International Journal of Computer Applications |
Foundation of Computer Science (FCS), NY, USA |
Volume 97 - Number 18 |
Year of Publication: 2014 |
Authors: Mitali Srivastava, Rakhi Garg, P. K. Mishra |
10.5120/17104-7737 |
Mitali Srivastava, Rakhi Garg, P. K. Mishra . Preprocessing Techniques in Web Usage Mining: A Survey. International Journal of Computer Applications. 97, 18 ( July 2014), 1-9. DOI=10.5120/17104-7737
Due to huge, unstructured and scattered amount of data available on web, it is very tough for users to get relevant information in less time. To achieve this, improvement in design of web site, personalization of contents, prefetching and caching activities are done according to user's behavior analysis. User's activities can be captured into a special file called log file. There are various types of log: Server log, Proxy server log, Client/Browser log. These log files are used by web usage mining to analyze and discover useful patterns. The process of web usage mining involves three interdependent steps: Data preprocessing, Pattern discovery and Pattern analysis.

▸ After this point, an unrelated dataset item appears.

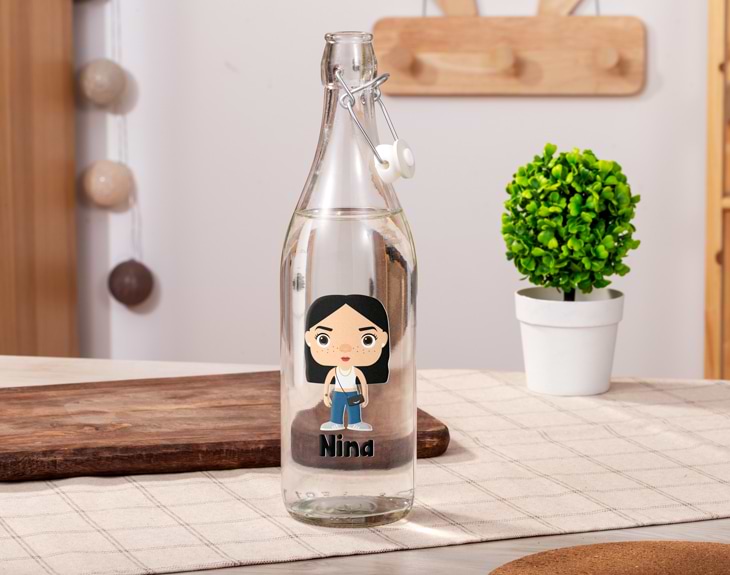 Si en casa sois de los que bebéis mucha agua, esta botella de agua personalizada se convertirá en vuestra mejor aliada. Además de fomentar una hidratación saludable, aporta un toque de estilo y frescura a cualquier espacio, desde la cocina hasta la oficina. Esta botella de cristal para agua es perfecta para quienes valoran la funcionalidad sin renunciar al diseño. Bonita, práctica y ecológica, está fabricada en cristal y cuenta con un tapón hermético que evita derrames, siendo ideal para uso diario tanto en casa, en el trabajo o en el escritorio del estudio. Además, es una opción sostenible y reutilizable que ayuda a reducir el uso de plástico, perfecta para mantener tu agua fresca y cuidando el planeta. ¿Y lo mejor de todo? Podrás lucir tu propio personaje Funko, diseñado solo por ti. Crea tu personaje Tinok a tu estilo, tenemos infinidad de rasgos y características para que lo personalices como más te guste. Diseña un personaje único que te represente o que saque una sonrisa a quien lo reciba como regalo. Personalizarla es muy sencillo: añade la botella al carrito, diseña tu personaje y escribe el nombre que quieras justo debajo. Así tendrás una botella exclusiva, con mucho estilo, perfecta para regalar o para darte un capricho. Una vez la recibas, solo queda llenarla y presumir de ella. Altura de la botella: 31 cm Capacidad: 1 litro

Among these steps, Data preprocessing plays a vital role because of unstructured, redundant and noisy nature of log data. To improve later phases of web usage mining like Pattern discovery and Pattern analysis several data preprocessing techniques such as Data Cleaning, User Identification, Session Identification, Path Completion etc. have been used. In this paper all these techniques are discussed in detail. Moreover these techniques are also categorized and incorporated with their advantage and disadvantage that will help scientist, researchers and academicians working in this direction.